* PROVIDED DATA:
* * * * *

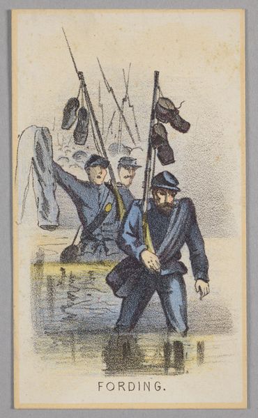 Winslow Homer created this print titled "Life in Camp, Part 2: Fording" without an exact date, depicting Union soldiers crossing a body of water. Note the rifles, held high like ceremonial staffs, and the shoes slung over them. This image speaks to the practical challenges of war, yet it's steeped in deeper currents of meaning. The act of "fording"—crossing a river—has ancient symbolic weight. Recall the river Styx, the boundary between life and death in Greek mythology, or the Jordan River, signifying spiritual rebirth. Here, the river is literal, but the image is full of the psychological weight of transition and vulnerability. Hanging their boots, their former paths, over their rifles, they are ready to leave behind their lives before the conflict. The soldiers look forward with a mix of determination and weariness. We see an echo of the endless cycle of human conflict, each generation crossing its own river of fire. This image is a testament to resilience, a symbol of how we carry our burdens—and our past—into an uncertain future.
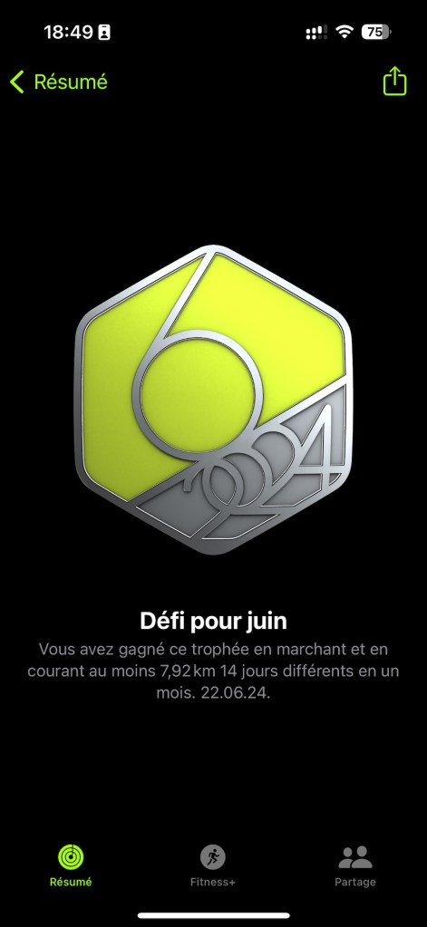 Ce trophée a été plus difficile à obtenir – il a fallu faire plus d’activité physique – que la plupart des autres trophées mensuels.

* * * * *

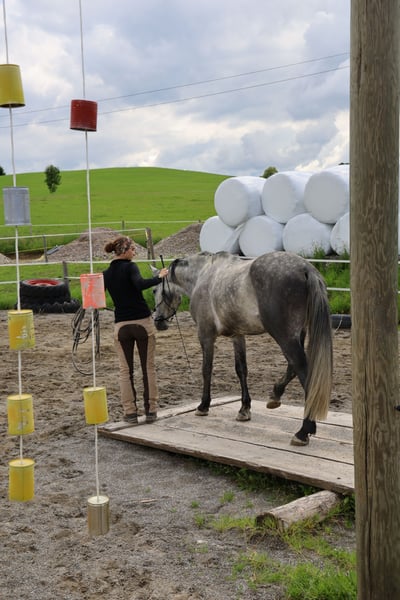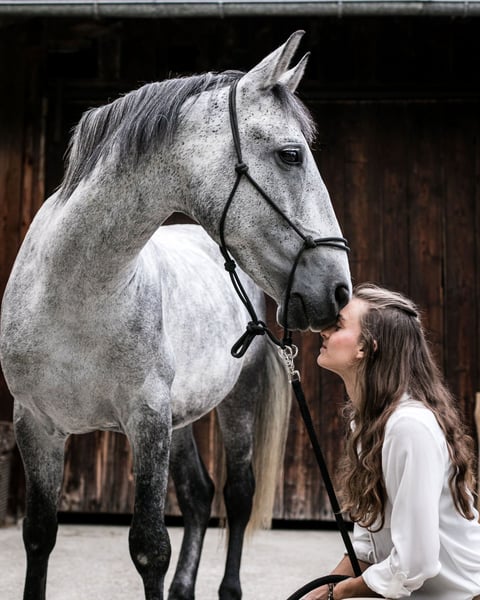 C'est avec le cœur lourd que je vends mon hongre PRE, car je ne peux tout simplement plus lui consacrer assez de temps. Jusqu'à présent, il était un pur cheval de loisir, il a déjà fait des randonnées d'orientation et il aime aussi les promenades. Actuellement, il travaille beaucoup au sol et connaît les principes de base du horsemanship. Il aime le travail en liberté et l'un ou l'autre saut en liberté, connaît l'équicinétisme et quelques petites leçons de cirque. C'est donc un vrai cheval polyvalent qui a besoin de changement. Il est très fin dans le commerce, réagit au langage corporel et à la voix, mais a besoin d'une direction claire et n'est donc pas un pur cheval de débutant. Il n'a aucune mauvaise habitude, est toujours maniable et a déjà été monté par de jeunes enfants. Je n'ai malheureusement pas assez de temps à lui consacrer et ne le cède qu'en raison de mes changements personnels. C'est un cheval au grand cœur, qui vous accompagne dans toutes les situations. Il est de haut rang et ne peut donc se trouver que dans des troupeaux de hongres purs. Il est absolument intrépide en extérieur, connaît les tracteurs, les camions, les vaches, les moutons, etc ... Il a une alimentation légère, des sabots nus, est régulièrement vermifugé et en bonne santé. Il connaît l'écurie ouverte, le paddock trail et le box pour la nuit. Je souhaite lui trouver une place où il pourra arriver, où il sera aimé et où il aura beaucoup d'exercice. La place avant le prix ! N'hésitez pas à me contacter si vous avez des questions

* * * * *

* YOUR OBJECTIVE: Quote word for word only the lines above from the one containing "Winslow Homer created" through the one containing "Ce trophée a". Pictures stay out of your copy.

* TASK RESULT:
 Winslow Homer created this print titled "Life in Camp, Part 2: Fording" without an exact date, depicting Union soldiers crossing a body of water. Note the rifles, held high like ceremonial staffs, and the shoes slung over them. This image speaks to the practical challenges of war, yet it's steeped in deeper currents of meaning. The act of "fording"—crossing a river—has ancient symbolic weight. Recall the river Styx, the boundary between life and death in Greek mythology, or the Jordan River, signifying spiritual rebirth. Here, the river is literal, but the image is full of the psychological weight of transition and vulnerability. Hanging their boots, their former paths, over their rifles, they are ready to leave behind their lives before the conflict. The soldiers look forward with a mix of determination and weariness. We see an echo of the endless cycle of human conflict, each generation crossing its own river of fire. This image is a testament to resilience, a symbol of how we carry our burdens—and our past—into an uncertain future.
 Ce trophée a été plus difficile à obtenir – il a fallu faire plus d’activité physique – que la plupart des autres trophées mensuels.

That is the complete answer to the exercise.